A Geração Z – os nascidos entre 1995 e 2012 – foi batizada em crises: primeiro a financeira global de 2008, depois a da dívida pública da Zona Euro no ano seguinte, depois a da pandemia de Covid-19 e agora a da guerra na Europa.
Cada vez mais jovens acreditam que terão vidas mais difíceis do que os seus pais. Por que deveria uma geração deixada para trás ser menos vulnerável à atração do populismo do que as que ficaram para trás?
Roberto Foa, codiretor do Centre for the Future of Democracy da Universidade de Cambridge, um importante pesquisador da insatisfação dos jovens com a democracia, vê “duas grandes divisões” nas sociedades ocidentais.
“A divisão da riqueza entre os economicamente bem-sucedidos e os que ficam para trás regiões e a divisão intergeracional nas oportunidades de vida”, disse.
Os cientistas políticos podem ter ignorado ambos os grupos porque há muito que estão desligados. Mas agora a sua apatia está transformando-se em antipatia – um desejo, mais uma vez, de aderir ao sistema.
“Se você é um empresário político que procura quebrar o sistema estabelecido, essas são as suas opções, em termos de mobilizar novo apoio”, disse Foa à CNN. A tendência, diz ele, já existe há muito tempo: “Estou surpreso que as pessoas estejam surpresas”.
O apoio dos jovens aos partidos de extrema direita foi sentido em vários países europeus. Na Alemanha, a Alternativa para a Alemanha (AfD), obteve 16% dos votos com menos de 25 anos nas eleições da UE – triplicando a sua cota nessa faixa etária em relação à votação anterior em 2019.
Entre os eleitores franceses com menos de 34 anos, o Reunião Nacional (RN) foi o partido mais popular, com 32% dos votos – um aumento de 10 pontos em comparação com 2019.
Na Polônia, 30% dos eleitores com menos de 30 anos apoiaram o partido de extrema direita Confederação, contra 18,5% em 2019.
Os partidos da extrema direita se beneficiaram de um aumento semelhante no apoio na Holanda, Espanha, Portugal, Áustria e continuaram a ter um bom desempenho na Itália.
Geração, não geografia
Considere estas propostas políticas. Os jovens não pagarão imposto de renda. Se iniciarem uma empresa, ficarão isentos do imposto sobre as sociedades durante cinco anos.
Os estudantes que trabalham terão os seus salários complementados pelo Estado, que também construirá 100 mil unidades de alojamentos estudantis. Eles também podem viajar de trem gratuitamente.
Você seria perdoado por pensar que esta deve ser a plataforma da extrema esquerda. Mas não: esta foi a oferta da decana Marine Le Pen nas eleições presidenciais francesas de 2022, que ela perdeu por pouco.
Os jovens, sem surpresa, adoraram. Pouco menos de 50% dos jovens entre os 25 e os 34 anos que votaram optaram por Le Pen, em comparação com apenas 41% da população em geral e 29% dos eleitores com mais de 70 anos.

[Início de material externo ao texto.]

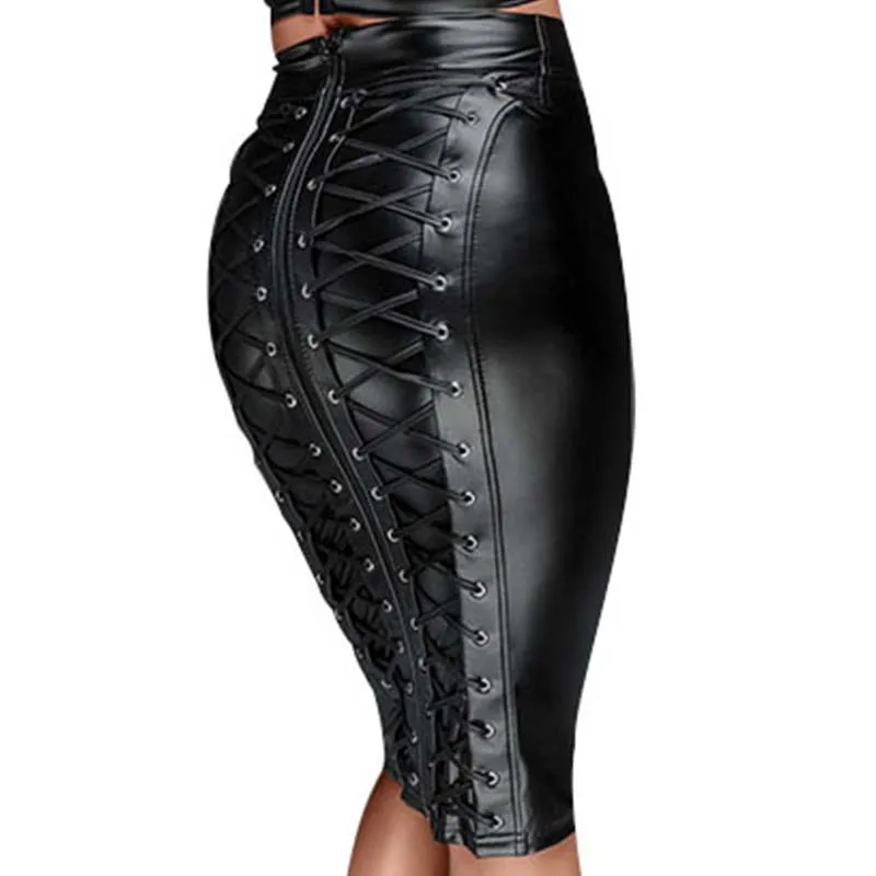 Юбка-карандаш из искусственной кожи, черная, с молнией сзади, с запахом, в готическом стиле, облегающая юбка миди
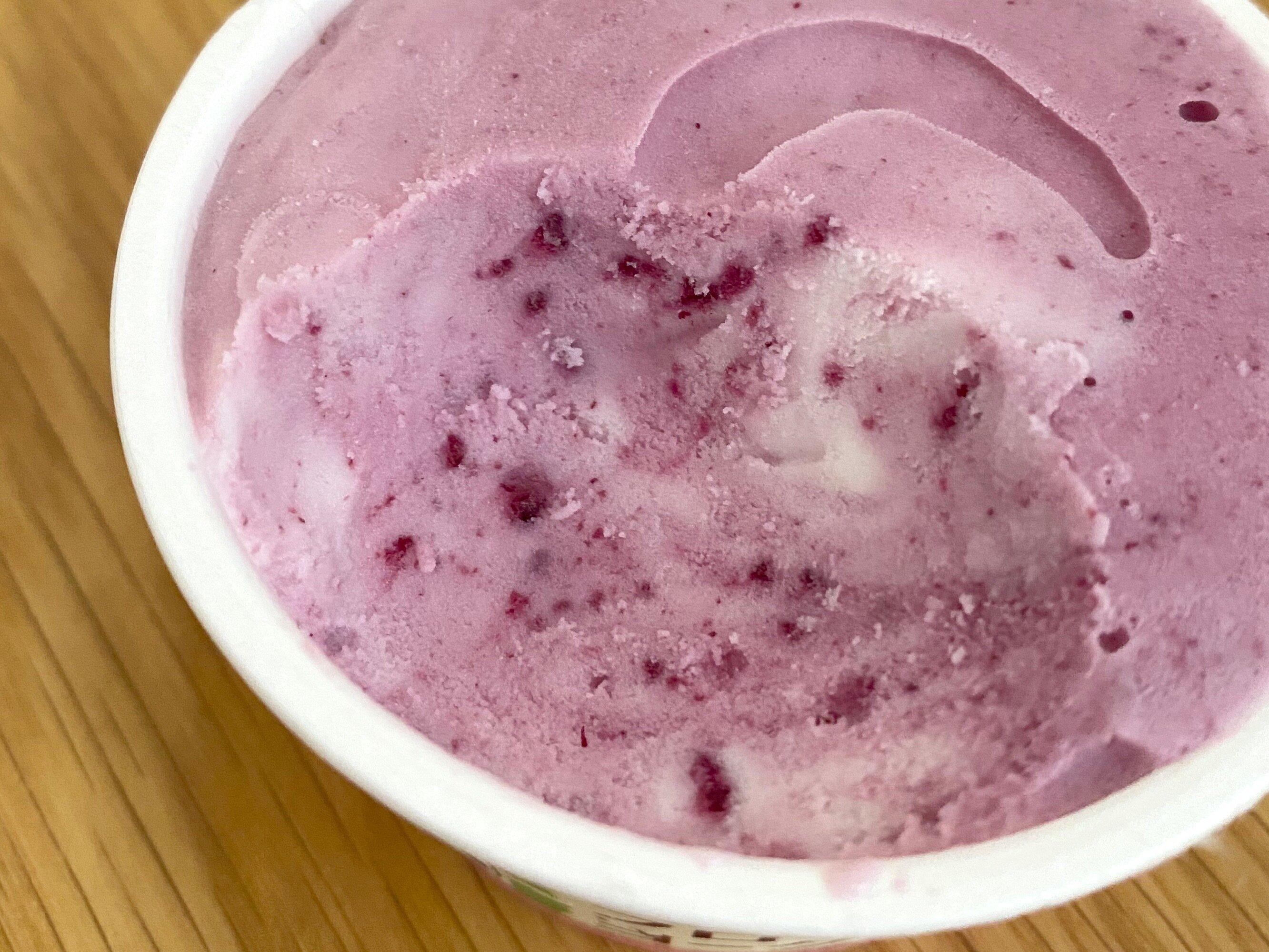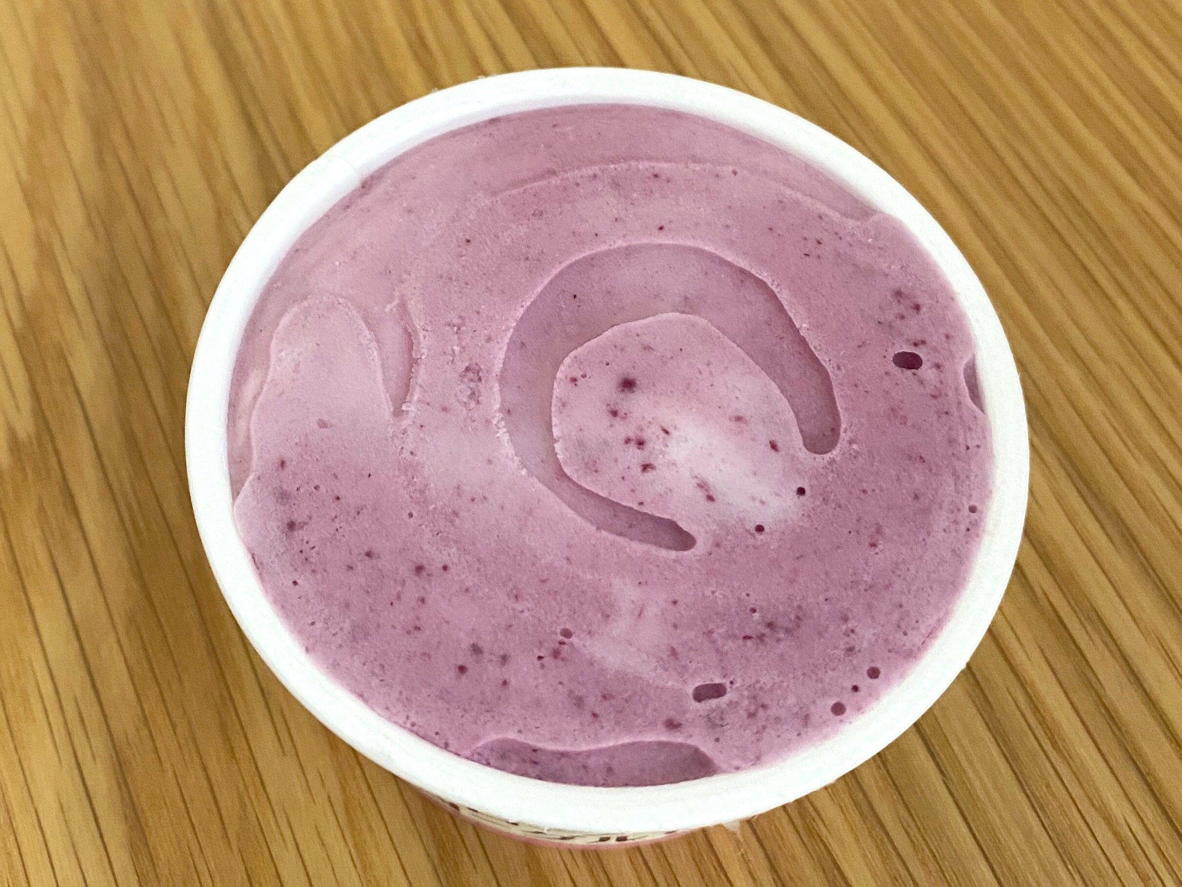 蓋を開けると色鮮やかな薄紫色のフローズンヨーグルトがお目見え!
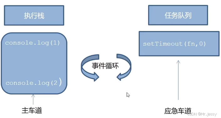 打个比方,执行栈就像高速路上的主车道,所有车辆按顺序行驶在主车道上,如果有车辆出现故障,需要耗时修复,那么它就会被安排停车在应急车道。只有车修好了,才能继续回到主车道行驶。
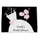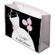 Pretty bridal themed gift bag in shades of pink featuring a stylised wedding gown and flowers on a black background. A customisable design for you to personalise with your own text, pictures and ideas.
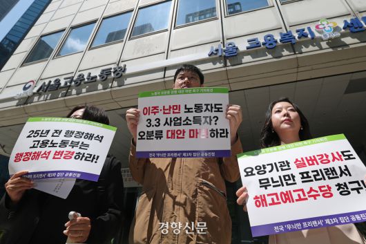 전락준 변호사는 “이들은 자신의 급여에서 3.3%가 차감되는 것이 잘못인 줄도 모르고 일을 해왔다”며 “이들은 난민 심사 중이거나 불법 체류자 신분이라 고용보험에 임의 가입조차 안 되지만 회사에서는 이들의 무지를 악용해 매번 급여를 줄 때마다 고용보험 명목으로 돈을 차감하기도 했다”고 했다.
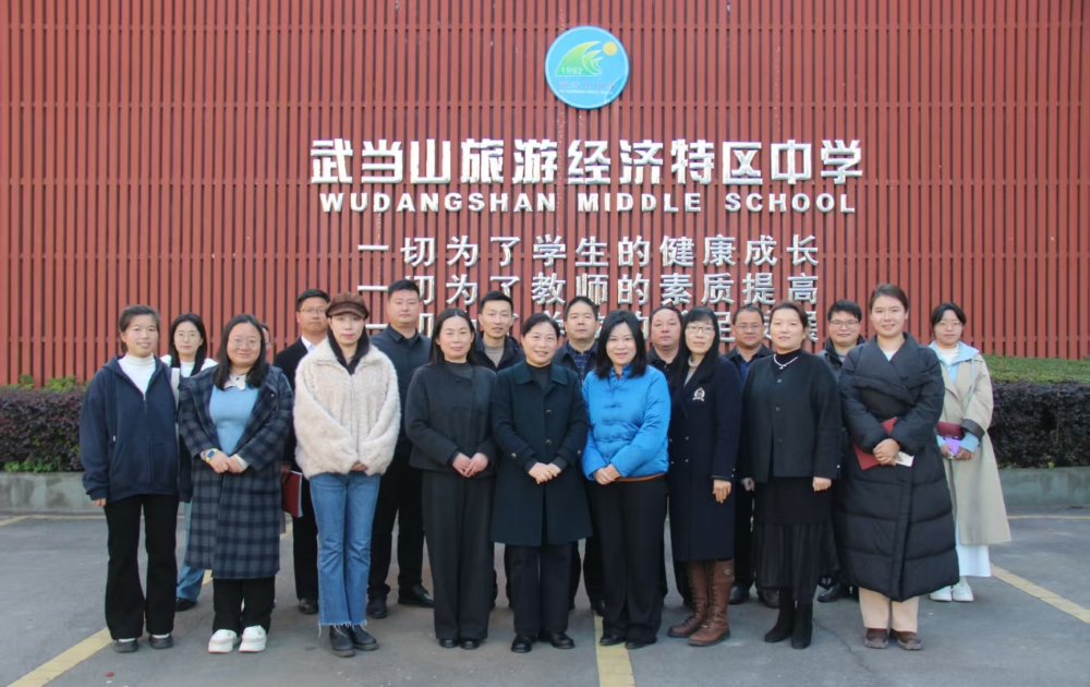 11月 25 日至 26 日,外国语学院院长祝东江、教务处副处长朱琳一行赴武当山中学开展教学教研活动,落实深化校地教师教育共同体建设。武当山特区教育局副局长崔星、武当山中学党总支书记梁庆、校长马成珍、及太极湖学校领导老师参与相关活动。
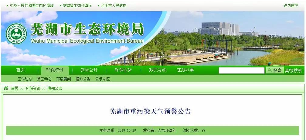 10月29日,安徽省生態(tài)環(huán)境廳發(fā)布了重污染天氣省級(jí)橙色預(yù)警。
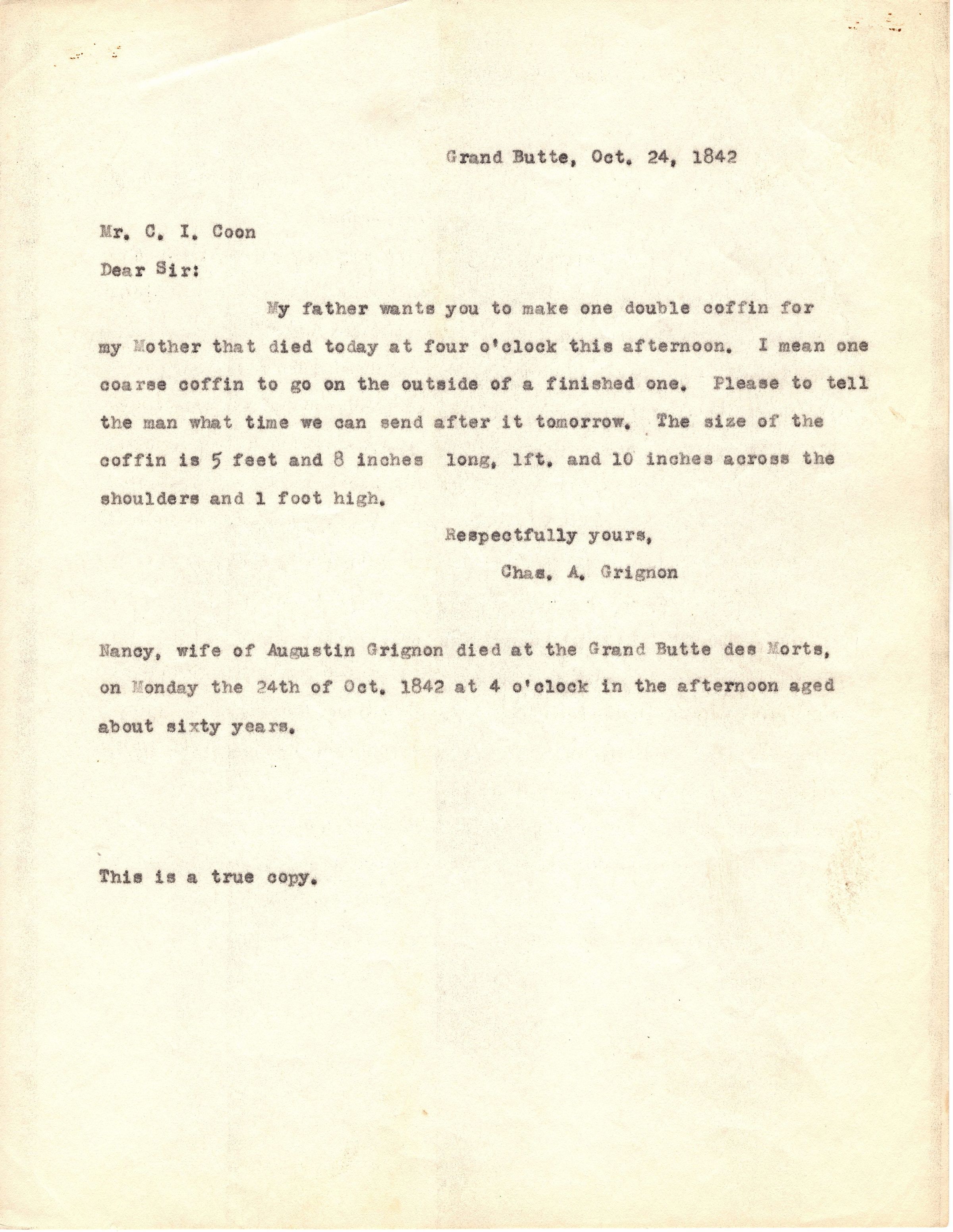 Single page typed correspondence that reads "Grand Butte, Oct. 24, 1842, Mr. C.I. Coon, Sir: My father wants you to make one double coffin for my Mother..." It is signed "Respectfully yours, Chas. A. Grignon" and has note about the death at the bottom: "Nancy, wife of Augustin Grignon died at the Grand Butte des Morts, on Monday the 24th of Oct. 1842 at 4 l'clock [sic] in the afternoon aged about sixty years". There are two copies of the same letter.Collection
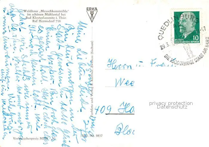 Bad_Klosterlausnitz Waldhaus Meuschkensmuehle Bad_Klosterlausnitz postalisch gelaufen 1967 Erhaltung siehe scans [FriedD77] Frierer
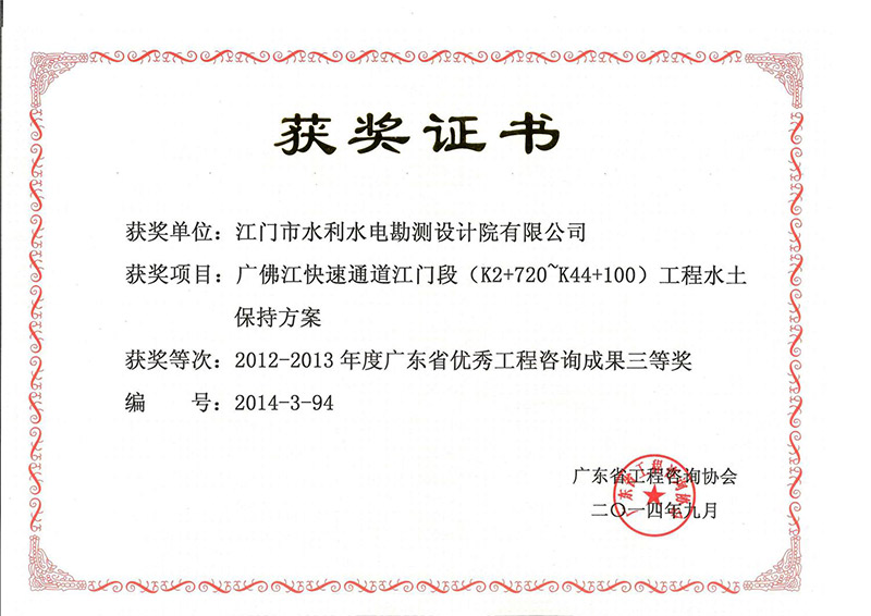 广佛江快速通道江门段工程水土保持方案获省工程咨询成果三等奖
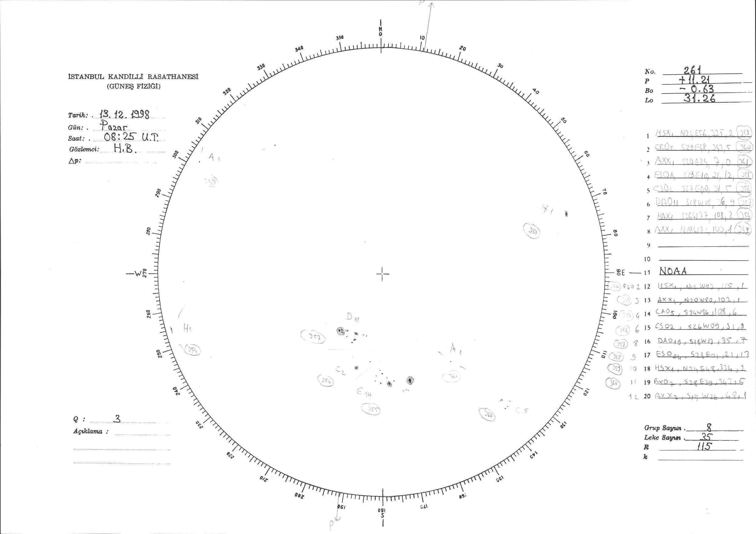 Güneş Lekesi Çizimi - 13.12.1998
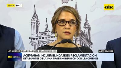 Este artículo tiene 1 año de antigüedad La jefa de gabinete, Lea Giménez lideró una reunión con autoridades de la Universidad Nacional de Asunción en la que comprometió al Gobierno a incluir puntos para blindar el Arancel Cero en la reglamentación de la Ley de Hambre Cero.
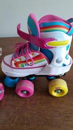 Optimum rolschaatsen, maat verstelbaar 28-31 amper gebruikt, zo goed als nieuw ook pols, elleboog en kniebeschermers. Alles samen
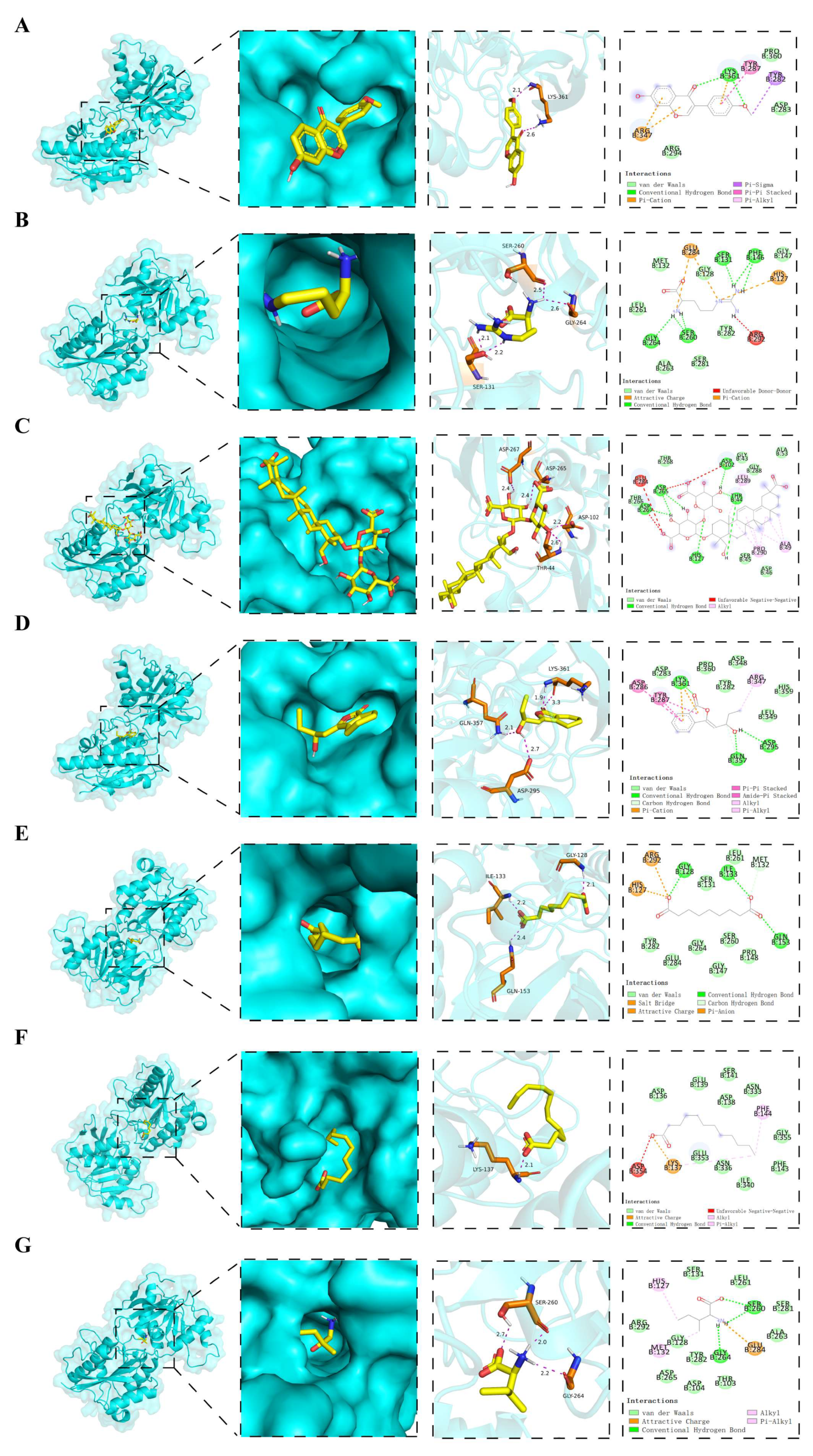 Figure 10. Molecular docking between NMDAR-2B and four pivotal ligands. The molecular docking results between NMDAR-2B and seven pivotal ligands, namely, (A) formononetin, (B) L-arginine, (C) licoricesaponin K2, (D) senkyunolide F, (E) azelaic acid, (F) lauric acid, and (G) L-isoleucine. Left: The small-molecule ligand (yellow) is embedded within the binding pocket of the NMDAR-2B subunit, with the receptor visualized as a cyan, solid surface. Middle: A stick model highlights key hydrogen bond interactions between the ligand (yellow) and critical residues; the receptor backbone is shown as a semi-transparent ribbon. Right: A two-dimensional schematic illustrates the ligand–protein interactions. Legend: green, solid lines—conventional hydrogen bonds; orange, dashed lines—salt bridges; red, dashed lines—attractive electrostatic interactions; light-green-filled circles—van der Waals forces; gray, dashed lines—carbon–hydrogen bonds; yellow, dashed lines—π–anion interactions.
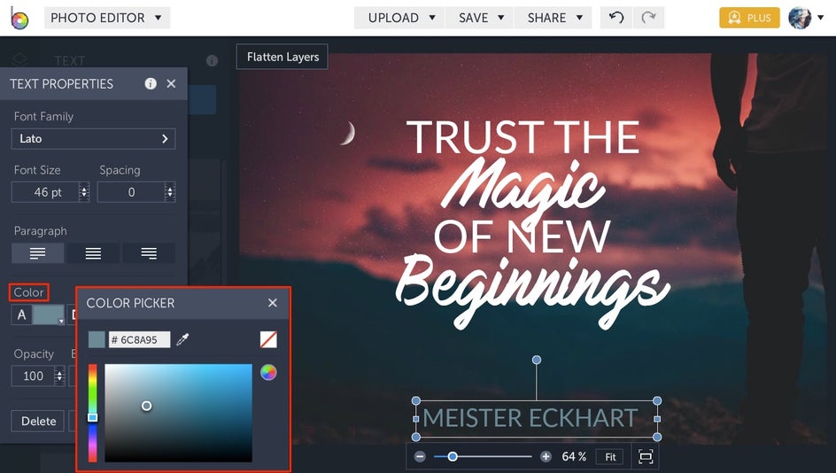 Now that you’ve created your masterpiece, you can use it as inspiration for yourself by creating a phone background or motivating others by sharing it on social media. Now that you know how easy it is to add text to photos and create your own inspirational picture quotes, you’ll definitely want to use BeFunky’s Photo Editor to make more.

Enquanto os eleitores mais velhos levaram Donald Trump à Casa Branca e tiraram o Reino Unido da União Europeia, foram eles que mantiveram a extrema direita francesa escanteada.
Isso pode mudar em breve. Depois de o seu partido Renascimento ter sido derrotado pela extrema direita nas eleições da UE, o presidente Emmanuel Macron convocou eleições parlamentares antecipadas, o que poderá resultar em Jordan Bardella, o líder do RN, de 28 anos, tornando-se o primeiro-ministro de França no próximo mês.
Para Arthur Prevot, gestor da ala juvenil do RN em Paris, esta é uma ótima notícia. A presidência de Macron não conseguiu beneficiar os jovens, diz ele.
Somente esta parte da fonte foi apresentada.